◆ **Exercise goal**: The copy must run from the first line of the entries below through the line containing "Şardonlu Yarım Fermuarlı Bordo Sweatshirt", restated word for word, with pictures left out.

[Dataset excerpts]
━━━━━━━━━━━━━━━━━━━━
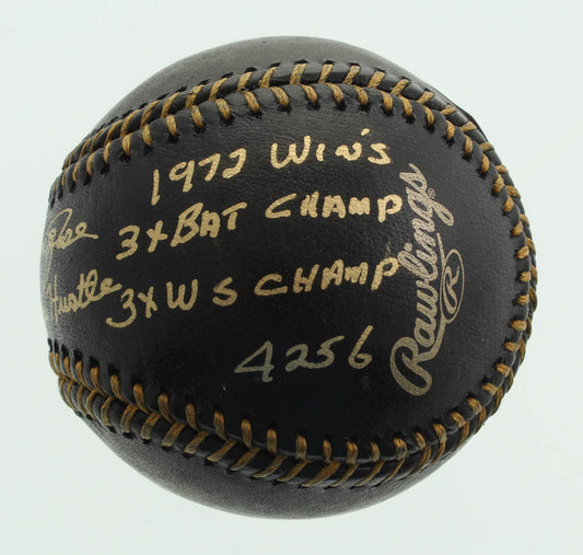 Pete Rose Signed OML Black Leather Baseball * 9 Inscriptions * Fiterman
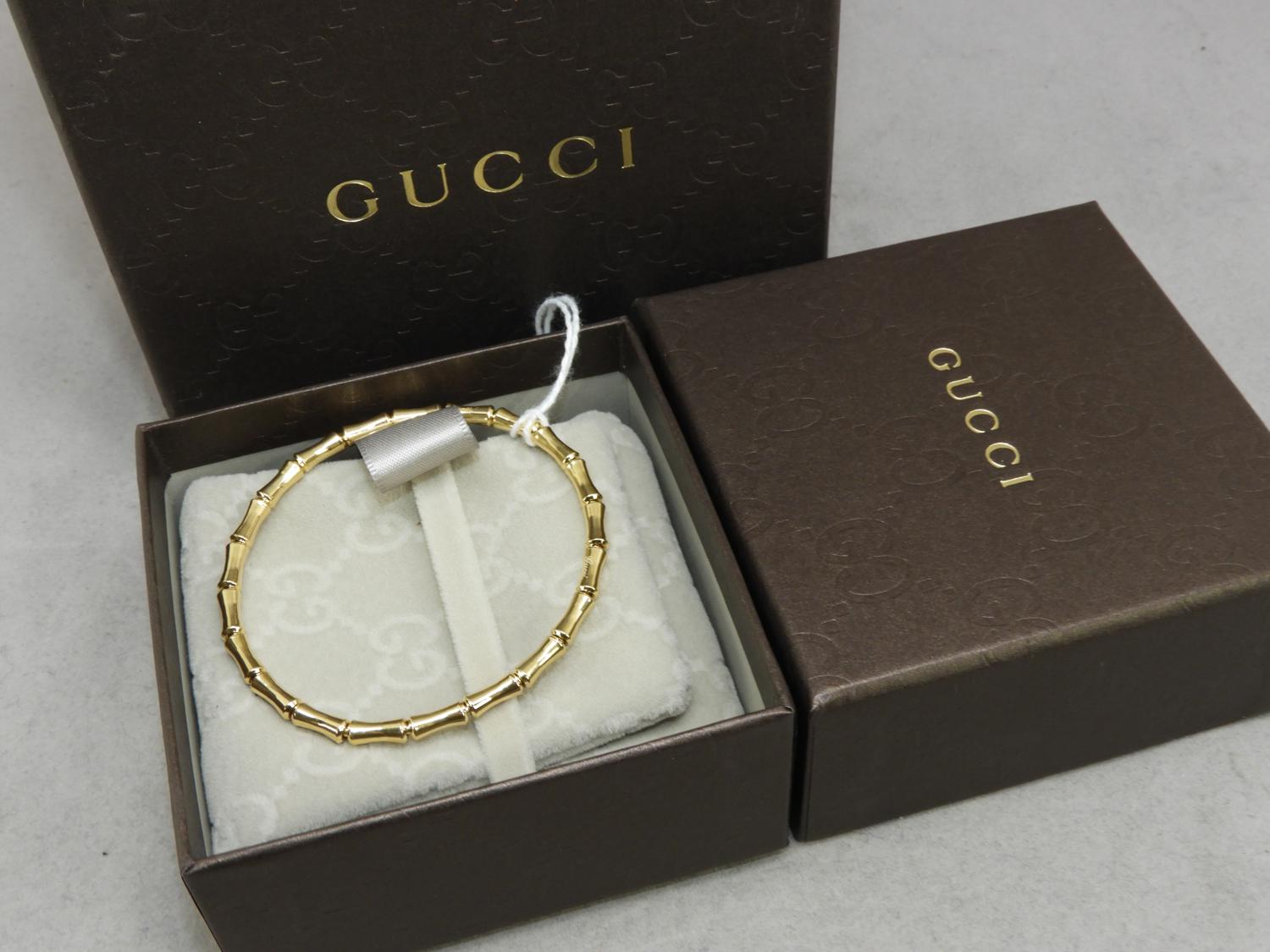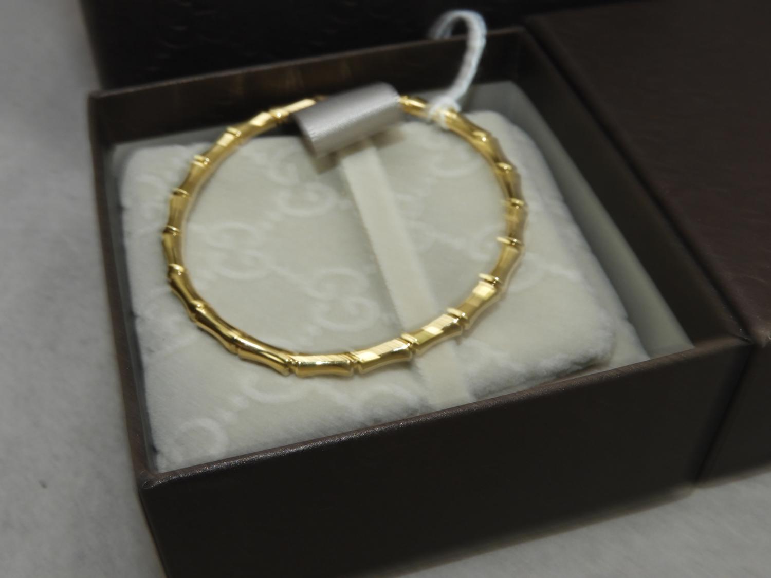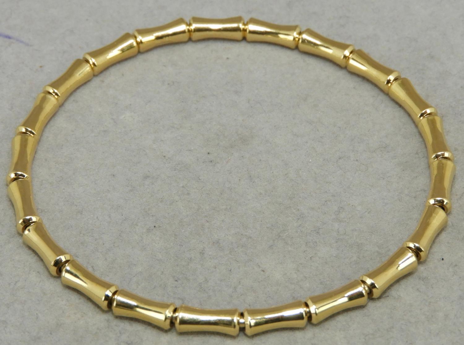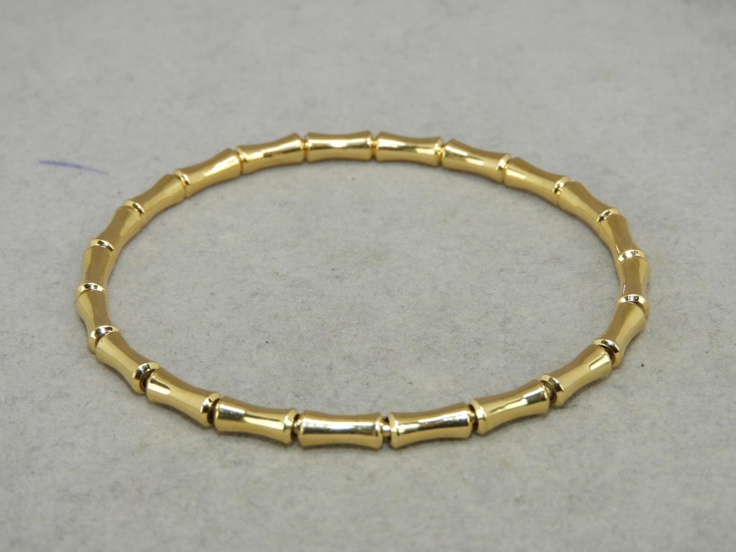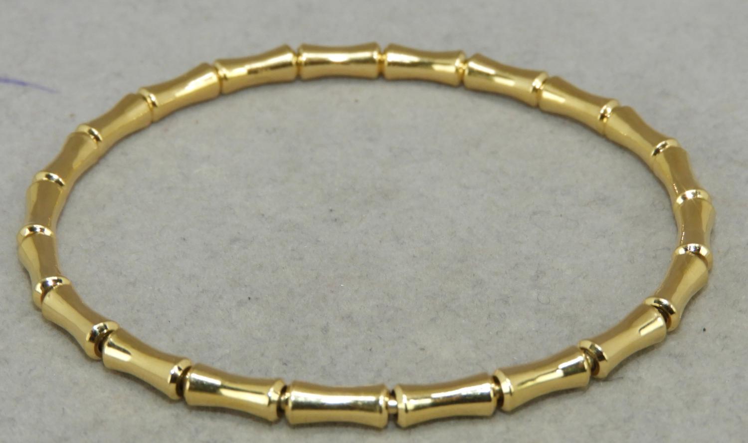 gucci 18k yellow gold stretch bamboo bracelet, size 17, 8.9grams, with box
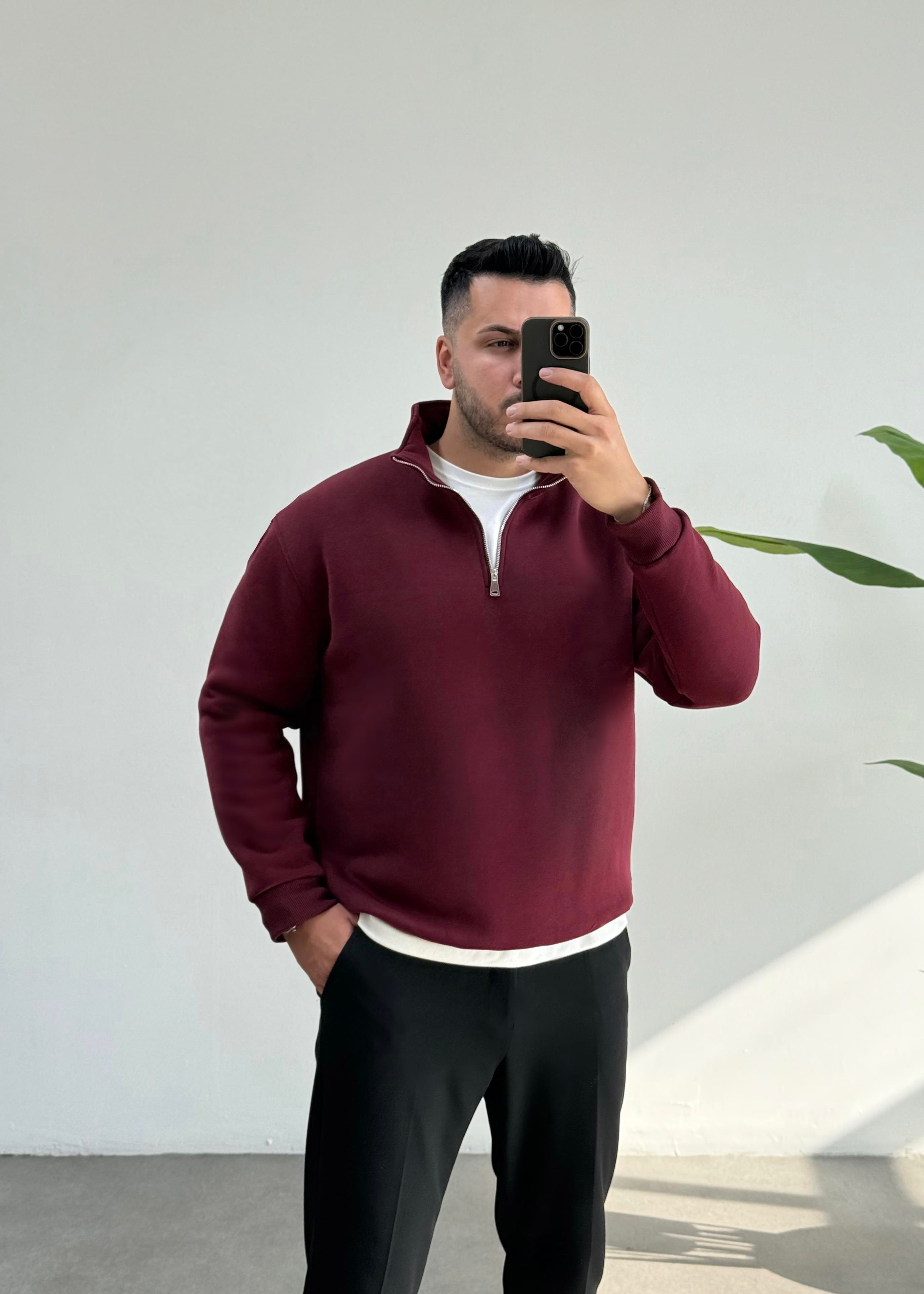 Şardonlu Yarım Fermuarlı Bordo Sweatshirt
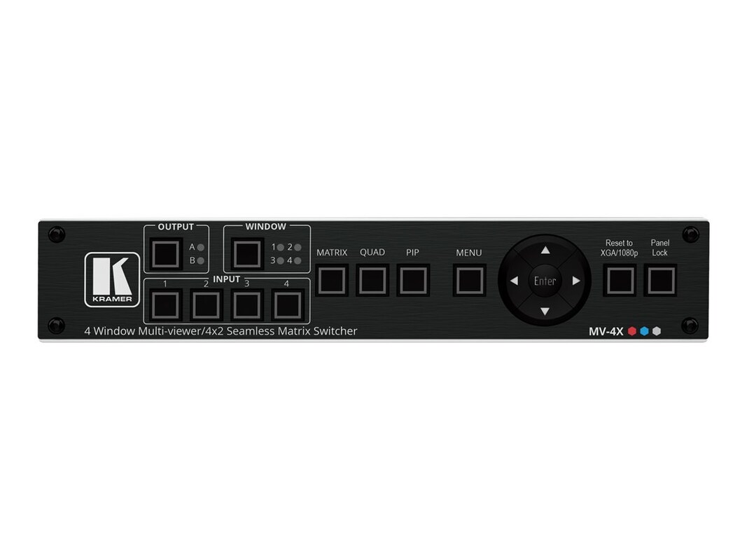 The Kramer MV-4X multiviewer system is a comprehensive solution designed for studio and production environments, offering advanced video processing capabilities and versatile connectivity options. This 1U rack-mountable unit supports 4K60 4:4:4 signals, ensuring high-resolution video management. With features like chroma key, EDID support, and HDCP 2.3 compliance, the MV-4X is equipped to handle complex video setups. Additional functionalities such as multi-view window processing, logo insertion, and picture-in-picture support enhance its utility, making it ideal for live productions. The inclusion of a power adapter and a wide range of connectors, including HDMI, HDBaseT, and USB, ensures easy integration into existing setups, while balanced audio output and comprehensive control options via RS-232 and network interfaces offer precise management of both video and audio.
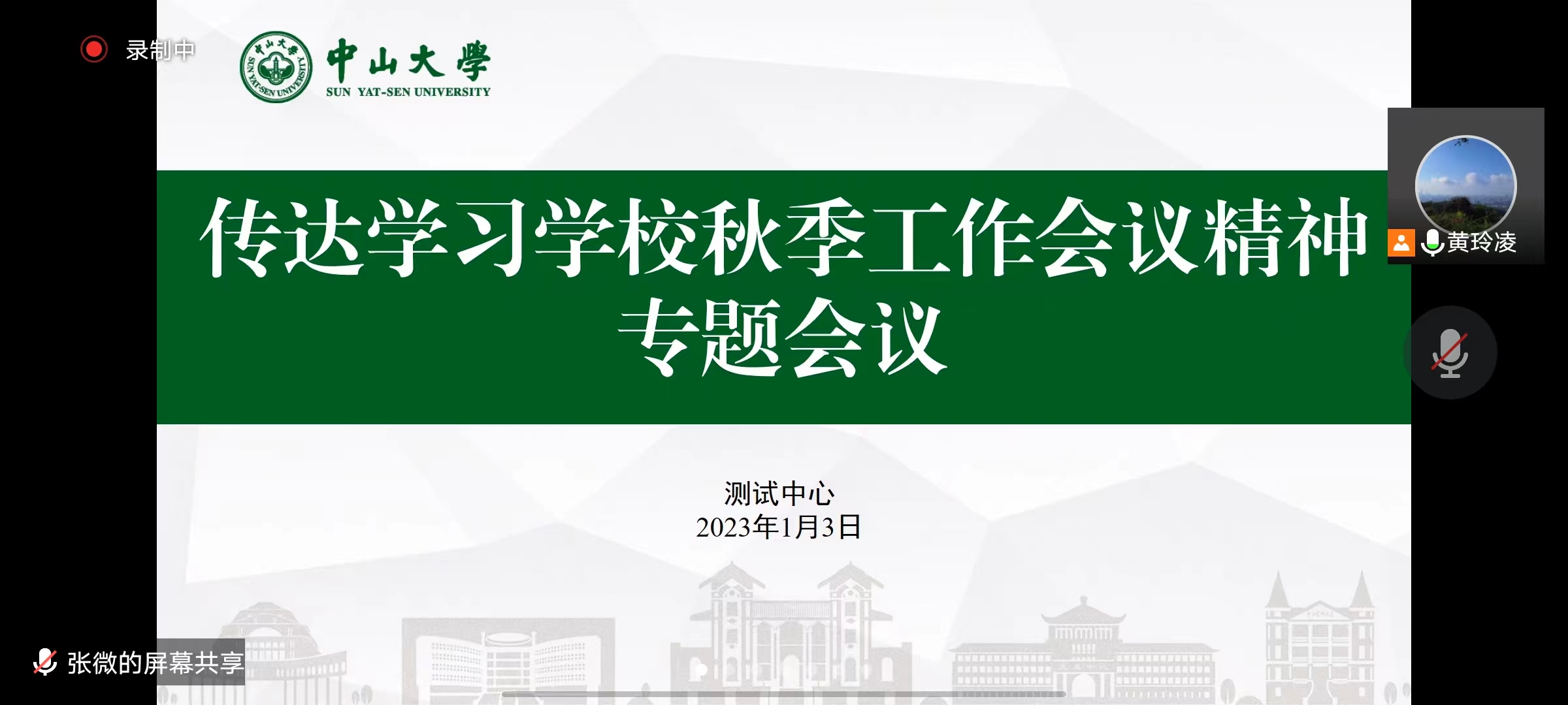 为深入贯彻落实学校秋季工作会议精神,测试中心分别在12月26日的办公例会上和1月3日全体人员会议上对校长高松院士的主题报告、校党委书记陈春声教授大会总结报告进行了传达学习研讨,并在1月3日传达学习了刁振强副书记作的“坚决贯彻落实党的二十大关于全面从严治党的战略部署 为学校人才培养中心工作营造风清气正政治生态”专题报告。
━━━━━━━━━━━━━━━━━━━━
◆ **Output of the task**:
 Pete Rose Signed OML Black Leather Baseball * 9 Inscriptions * Fiterman
 gucci 18k yellow gold stretch bamboo bracelet, size 17, 8.9grams, with box
 Şardonlu Yarım Fermuarlı Bordo Sweatshirt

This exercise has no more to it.